Health

No Difference in Disease Markers for IBD Patients Treated With Biosimilars

There was no difference in drug persistence or other biomarkers among patients with inflammatory bowel disease (IBD) treated with an adalimumab (Humira) biosimilar, U.K. researchers found in an observational cohort study.

After a year of follow-up, patients who were switched to SB5 from adalimumab and patients started on SB5 saw no difference in drug persistence, C-reactive protein levels, clinical remission, fecal calprotectin levels, or trough level, reported Lauranne A.A.P. Derikx, MD, PhD, and colleagues at the Western General Hospital in Edinburgh, Scotland, writing in the Journal of Crohn’s and Colitis.

Adalimumab, a monoclonal antibody targeting the tumor necrosis factor (TNF), is effective in treating moderate-to-severe IBD, but the treatment is costly.

“All our ADA [adalimumab] patients switched to an ADA biosimilar in a managed switch program to effectuate cost savings,” Derikx told MedPage Today.

SB5 was approved as Hadlima in the U.S., but is not scheduled to be available until 2023. It was approved by the European Union in August 2017 to treat Crohn’s disease and ulcerative colitis, among other indications.

Researchers used a prescription database to identify IBD patients treated with adalimumab from a tertiary center in Scotland. The authors attempted to discover the long-term outcomes of IBD patients switched to the biosimilar SB5 after taking adalimumab (SB5-switch cohort) or the effects of starting SB5 (SB5-start cohort).

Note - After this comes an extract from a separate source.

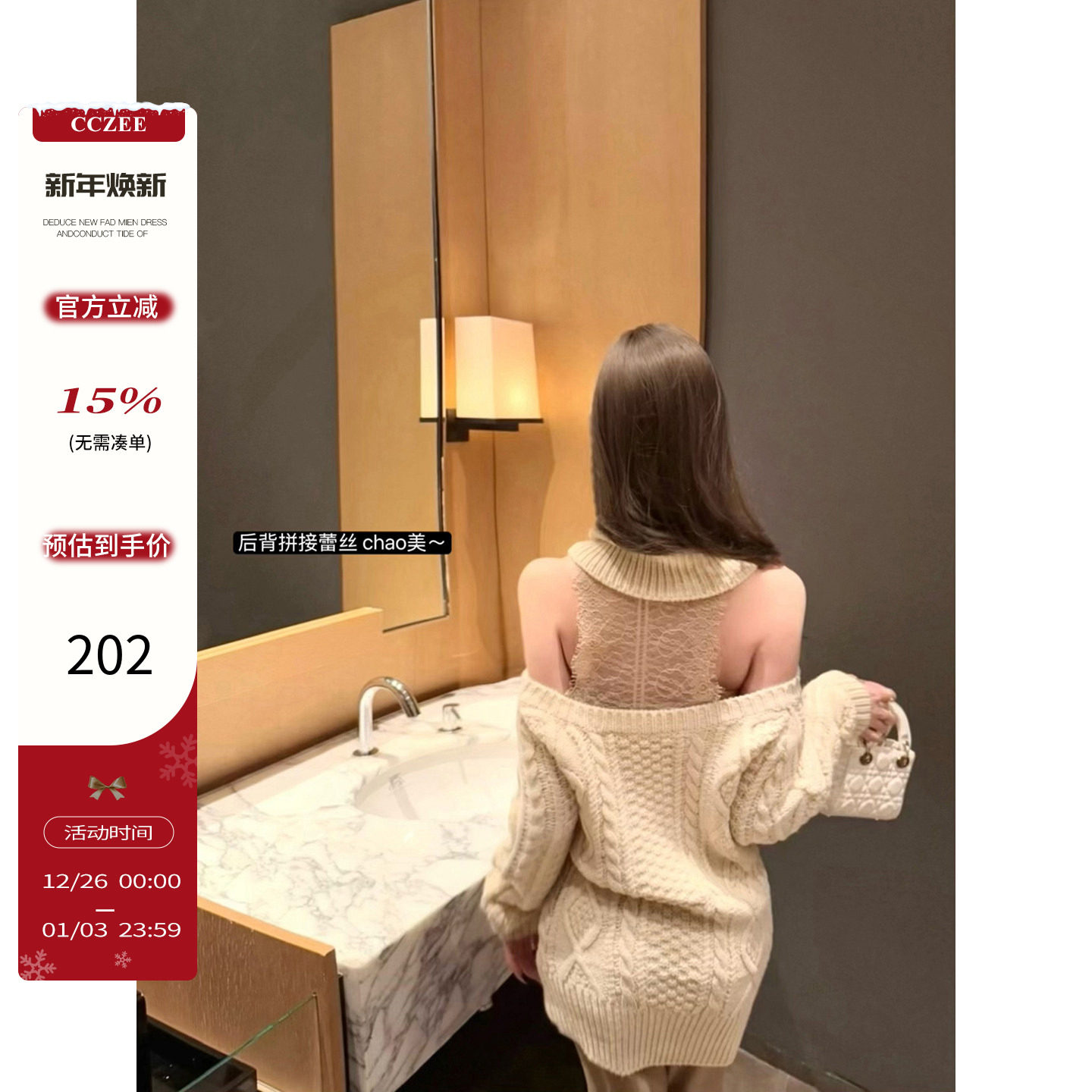 CCZEE 【缪斯美神】高领露肩绞花拼接蕾丝毛衣女冬慵懒风针织上衣

Participants were adults with IBD, who were taking adalimumab as maintenance therapy as of February 1, 2019. If patients started adalimumab after December 2018, they were then started on SB5. Patients were excluded if they lacked follow-up data beyond 1 month after starting SB5. Most patients were given 40 mg of the drug every other week.

SB5 drug persistence among both cohorts was the primary outcome. The secondary endpoints included adverse events, immunogenicity (adalimumab drug/antibody levels), clinical remission, biochemical and fecal biomarkers.

There were 481 patients in this study, 256 in the “SB5-switch cohort” and 225 patients in the “SB5 start-cohort.” Both groups had a slight majority of men. About 78%-89% had Crohn’s disease.

Patients in the SB5-switch cohort had a median follow-up of 13.7 months and patients in the SB5 start-cohort had a median follow-up of 8.3 months. On average, patients were treated 32.5 months before switching.

After a year of follow-up, adalimumab persistence, a marker for real-world benefit, was 62.5% in patients in the start cohort and 83.1% in the switch cohort.

Trough levels were stable with detectable adalimumab antibodies in 10.5% of the SB5-switch group and 22% in the SB5-start group. There were no differences reported in C-reactive protein, clinical remission, and fecal calprotectin, the authors said.

The most commonly reported side effect was injection site pain, and the authors noted adalimumab trough levels were similar to baseline at week 26 and 52 after the treatment switch.

About 35% of start and switch cohorts discontinued SB5. In the switch cohort, the most common reason for discontinuation was adverse events, followed by secondary loss of response. In the start cohort, primary non-response, secondary loss of response and adverse events were equally common.

Of those who discontinued, 35 patients, most from the switch cohort, had a double biosimilar switch from adalimumab to SB5 to yet another adalimumab biosimilar, ABP 501.

Double biosimilar switch patients had mostly Crohn’s disease and only 17% of patients underwent dose intensification. None of the double-switch patients needed dose adjustment for ABP 501 or discontinued within the average follow-up (34 weeks).

“These data are essential since many patients are switched once already and currently clinicians face the question if a second switch is possible. The possibility of a second switch might reduce anti-TNF/ADA costs even further due to market forces, and this might further improve worldwide access to anti-TNF,” Derikx told MedPage Today, adding that her group will report their experience with a double switch of another monoclonal antibody, infliximab, soon.

Limitations of this study include a lack of a control to assess the possible continued use of the adalimumab originator. Follow-up data was not extensive. There was also a lack of standardized care in adalimumab dosing, dose adjustments, and disease activity. However, the authors described the non-standardized clinical care as an additional strength of the study as well, reflecting real-world practices since different clinicians provide slight variations in clinical practices.

Last Updated June 10, 2021

  • Zaina Hamza is a staff writer for MedPage Today, covering Gastroenterology and Infectious disease. She is based in Chicago.

Disclosures

Funding was provided by the UK Research Innovation and a Wellcome Trust Clinical Research Career Development Fellowship.

Derikx reported serving on the advisory board of Sandoz. Co-authors reported grant or support from the Greek Group, Janssen, Pfizer, Takeda, Gilead, Abbvie, MSD, Galapagos, Ferring, Shire, Dr Falk, Hospira, Warner-Chilcott, Pharmacosmos, Topivert, GlaxoSmithKline, Trellus Health, and Iterative Scopes.